La psychologue Susan David, dans son travail sur l’agilité émotionnelle, parle de ces valeurs déguisées en obligations. Ce qu’on croit devoir faire parce que c’est notre rôle, alors que c’est simplement devenu une habitude qu’on n’a jamais questionnée. Brené Brown, elle, va plus loin encore. Elle observe que le contrôle sur les tâches, sur l’organisation ou sur la façon dont les choses sont faites est souvent une réponse à une peur plus ancienne. Ce n’est pas la paresse de l’autre ni son incompétence. C’est plutôt notre propre difficulté à faire confiance, à tolérer l’imperfection et à exister en dehors du faire.
Reprendre les rênes de son quotidien : ça veut dire quoi en réalité ?
Reprendre les rênes de sa vie ne veut pas dire tout gérer seule encore mieux qu’avant. Cela signifie quelque chose de beaucoup plus subtil et de beaucoup plus exigeant. Pour se libérer de la charge mentale, plusieurs étapes s’avèrent nécessaires au quotidien.
Tout d’abord, ça veut dire déléguer sans filet, vraiment. Pas déléguer en supervisant dans l’ombre, pas déléguer en refaisant derrière, ni en soupirant. Déléguer, c’est accepter que ce soit fait autrement. Que les goûters ne soient pas les mêmes, que les chaussettes soient mal rangées et que la maison tourne différemment quelques heures. Le monde ne s’effondre pas, on a pu le vérifier.

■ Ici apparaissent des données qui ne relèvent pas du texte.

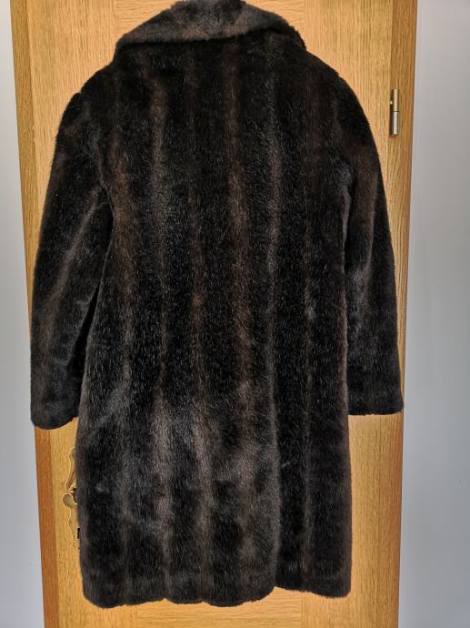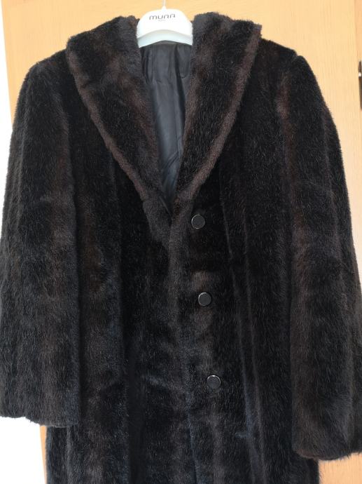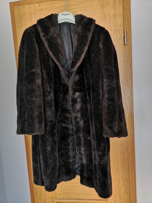Prodam vintage tedy plašček temno rjave barve iz umetnega krzna, kvalitetno izdelan, podložen, z lepimi gumbi in s stranskimi skritimi žepi. Dolžina je 95 cm, rame 45 cm, prsa 55 cm, rokav od ramenskega šiva 58 cm. Plašč je odlično ohranjen, topel, eleganten, malo nošen in brez napak.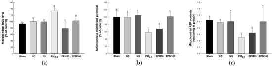 Mitochondrial ATP contents decreased in the PM2.5 group (0.51 nmole/mg of protein) compared with the NC group (0.98 nmole/mg of protein) (Figure 4c). However, the mitochondrial ATP contents increased in the EPM group (EPM50, 0.65 nmole/mg of protein; EPM100, 1.00 nmole/mg of protein) compared with the PM2.5 group. There were no significant differences in the Sham group (1.05 nmole/mg of protein), the NS group (1.00 nmole/mg of protein), and the NC group.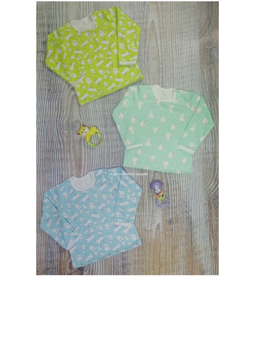 Кофточка выполнена из футера с начёсом, с 2 кнопочками на одном плече.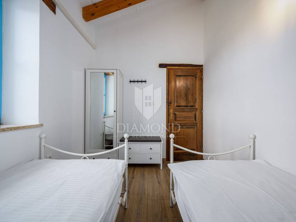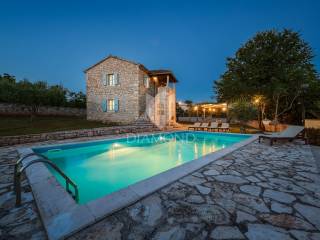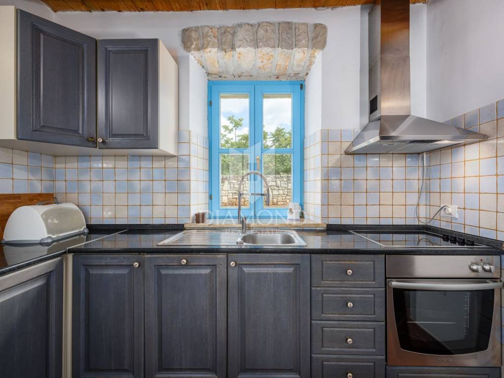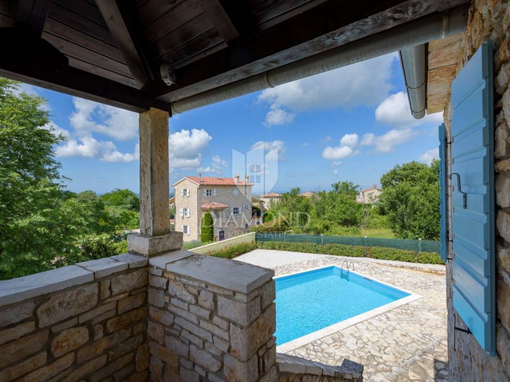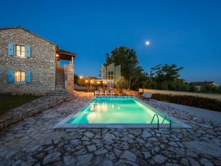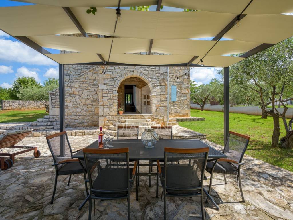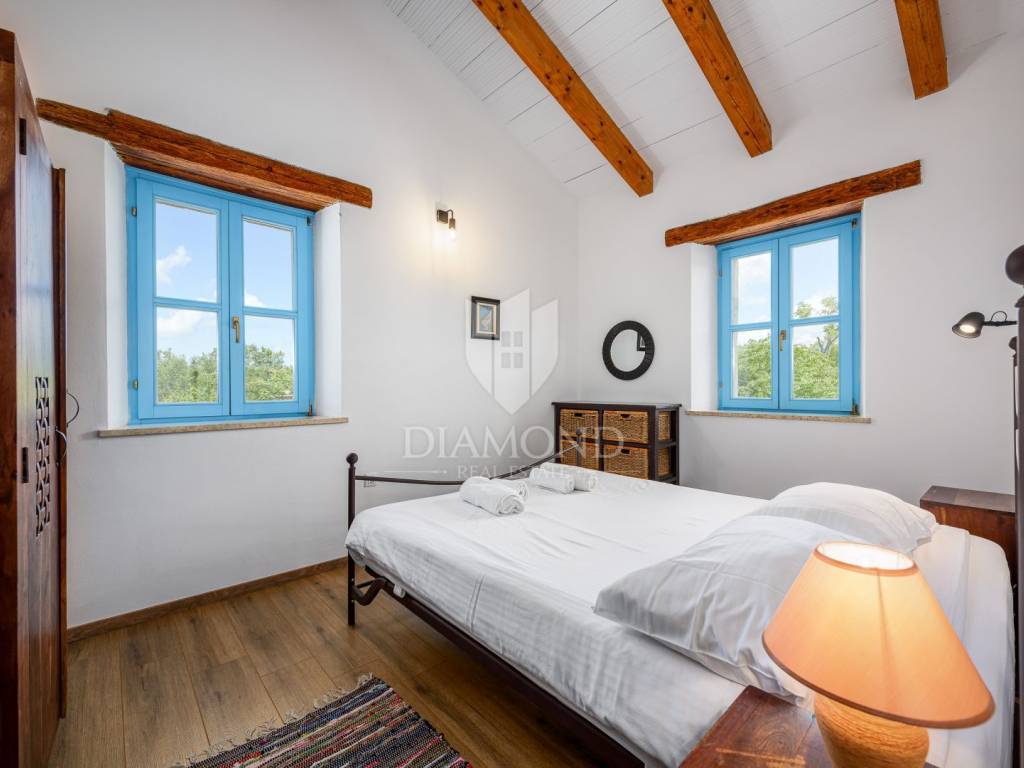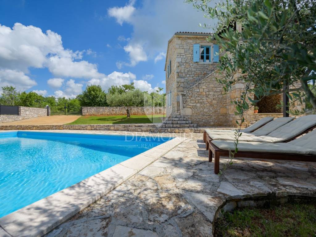Istrian autochthonous stone house with swimming pool, near Poreč! This beautiful Istrian stone house with a swimming pool is for sale. The house is located in a quiet place only fifteen minutes from the city of Poreč. Located on a spacious plot of 969 m2, the house offers 110 m2 of net living space on two floors. On the ground floor of the house there is a living room, a kitchen with a dining area and a guest toilet. We climb the spiral stairs to the first floor of the house where there are three bedrooms and a bathroom. On the first floor there is also a terrace connected by external stairs. The terrace offers a beautiful view of the surrounding landscape and the sea in the background. In the living room there is a wood-burning stove that creates a very pleasant and warm atmosphere on cold winter days. In addition, two new air conditioners for heating and cooling were installed in the house, one on each floor of the house. In the spacious fenced yard of the house, there is a swimming pool of size 11x5 meters, ideal for refreshing in the summer months. In the continuation of the yard next to the pool, there is a pergola for relaxing and staying in the shade on hot summer days. There is enough parking space for two cars in the yard of the house. Behind the house there is also a shed for wood and a storage room for garden maintenance tools. This charming stone house, located only a few minutes from all the necessary facilities for life, is a unique opportunity for family life as well as for investment in a tourist rental.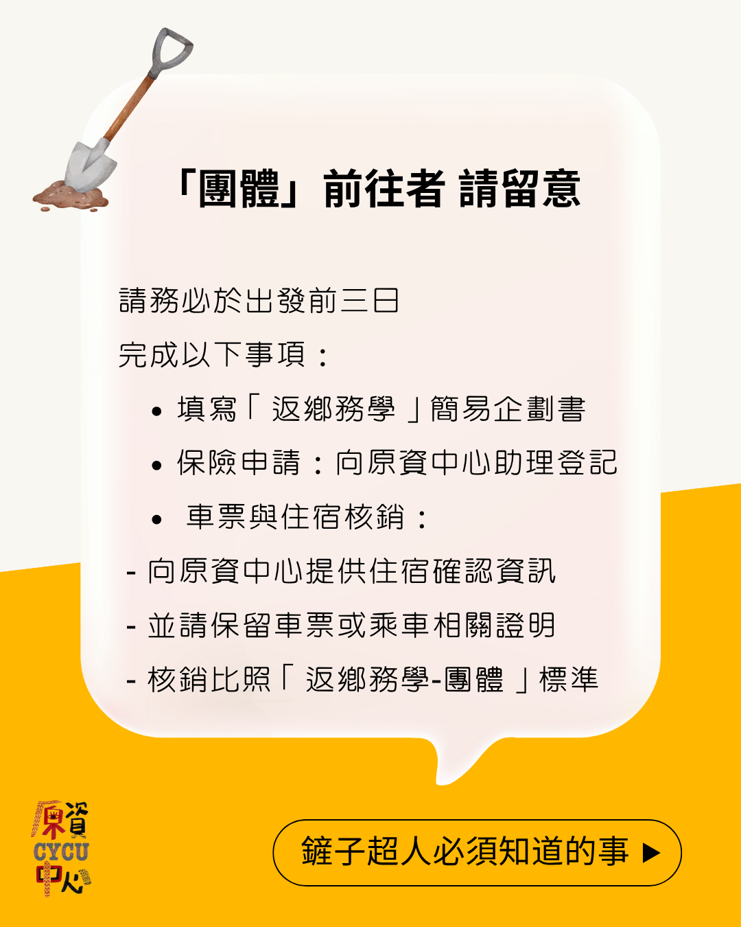 無論是自行前往或團體行動,出發前請先看這份 「志工懶人包」 再行動!

Par ailleurs, ça veut dire demander clairement, sans attendre qu’on devine. Ce n’est pas un manque de respect. Personne ne lit dans les pensées, et l’attente silencieuse nourrit exactement le ressentiment qu’on voulait éviter.
De plus, ça veut dire revisiter ce qui est vraiment non-négociable et ce qui est simplement une façon de faire à laquelle on s’est attaché. La différence est souvent plus ténue qu’on ne le croit.
Enfin, ça veut dire, parfois, accepter d’être inconfortable. Parce que changer une dynamique installée depuis des années dans un couple, dans une famille ou en soi-même, c’est inconfortable pour tout le monde. Et c’est le signe que quelque chose bouge vraiment.
Quelques repères et lectures pour cheminer plus loin
Si ce sujet résonne et qu’on a envie d’explorer ce territoire honnêtement, voici quelques pistes sérieuses. Ce ne sont pas des formules magiques, mais des outils qui font travailler :
- « Agilité émotionnelle » de Susan David : Un livre qui invite à examiner nos pensées et nos comportements automatiques avec lucidité et sans jugement. Il est particulièrement éclairant sur la façon dont on se coince dans des rôles qu’on n’a pas choisis.
- « Oser la bienveillance » de Brené Brown : Son travail sur la vulnérabilité et le contrôle aide à comprendre pourquoi on porte ce qu’on porte, et ce que ça coûte vraiment.
- Les travaux de Lori Gottlieb, psychothérapeute et auteure de « Et si c’était moi le problème ? » : Un titre qui fait grincer des dents, et c’est exactement le but. Elle explore avec beaucoup de nuance la façon dont on contribue, sans le voir, aux dynamiques qui nous pèsent.
- La thérapie ACT (Thérapie d’Acceptation et d’Engagement) : Pour celles qui veulent un travail plus structuré avec un professionnel. Elle aide à identifier ce qu’on valorise vraiment, à distinguer ce qu’on contrôle de ce qu’on ne contrôle pas, et à agir en cohérence avec ce qui compte.
Une nouvelle posture pour la Journée mondiale des parents
Se sentir victime d’une situation, même injuste, même réelle, a un coût. Celui de remettre à plus tard le moment où l’on décide d’agir différemment.
Ce n’est pas nier l’injustice ni absoudre ceux qui ne font pas leur part. C’est simplement choisir de ne pas faire de l’injustice le dernier mot de sa propre histoire. À l’occasion de la Journée mondiale des parents, rappelons-nous que la vraie liberté commence là. Elle ne dépend pas de l’évolution de quelqu’un d’autre, du bon vouloir du système ou de la prochaine prise de conscience collective. Elle commence dans ce moment où l’on décide que sa vie, c’est son affaire. Et pour se libérer de la charge mentale, c’est une excellente nouvelle.